It may be too early to tell, but it looks like stocks may finally be entering a correction phase after rising steadily since November.
The S&P 500 is trading at 1617 today, down 4.1% from the May 22 peak at 1687.
In his latest monthly report, BMO Chief Investment Strategist Brian Belski passes along some insight from conversations with clients, helping to pin down the vibe in the marketplace (emphasis added) :
Another month and another record level for the S&P 500 Index. From our perspective, very little analysis, process and common sense is being applied by many investors when making investment decisions at current levels. In fact, we are getting the sense that too many investors are currently expecting higher stock prices tomorrow just because they were higher today. Consequently, our fundamental models (which are a key input to our market outlook) continue to show little improvement in the aggregate over the past several months.

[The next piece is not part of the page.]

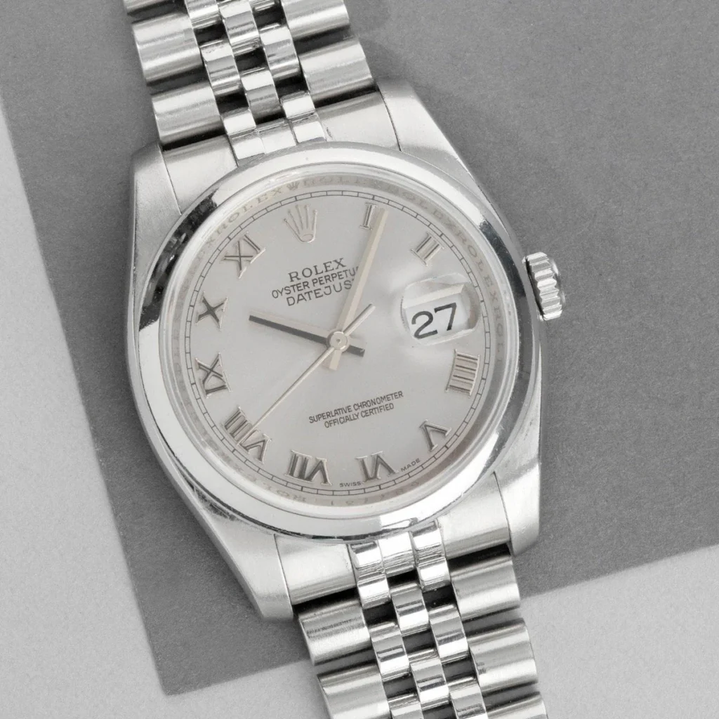 ロレックス デイトジャスト グレー/ローマ Ref.116200は、決して派手ではないが、確実に信頼できる一本である。日常の中で自然に使い続けられ、時間とともに評価が高まっていく腕時計を求める人にとって、このモデルは非常に完成度の高い選択肢である。時計に過剰な主張を求めず、長く付き合える相棒を探しているのであれば、この一本は静かに、しかし確実に期待に応えてくれる存在となるだろう。

The good news is that the earnings environment is improving, with the pace of growth now above historical norms. On the other hand, valuations continue to climb, and efficiency and liquidity measures, while still strong, are in a downward trend. In addition, many important economic data points have disappointed lately. Therefore, we remain skeptical about the market’s steep advancement and would expect some sort of pullback in the coming months unless the fundamental or economic backdrop improves very soon.
Even though the S&P 500 has already cleared 1600 and is trading this morning around 1617, Belski is sticking to the 1575 year-end target he set in December.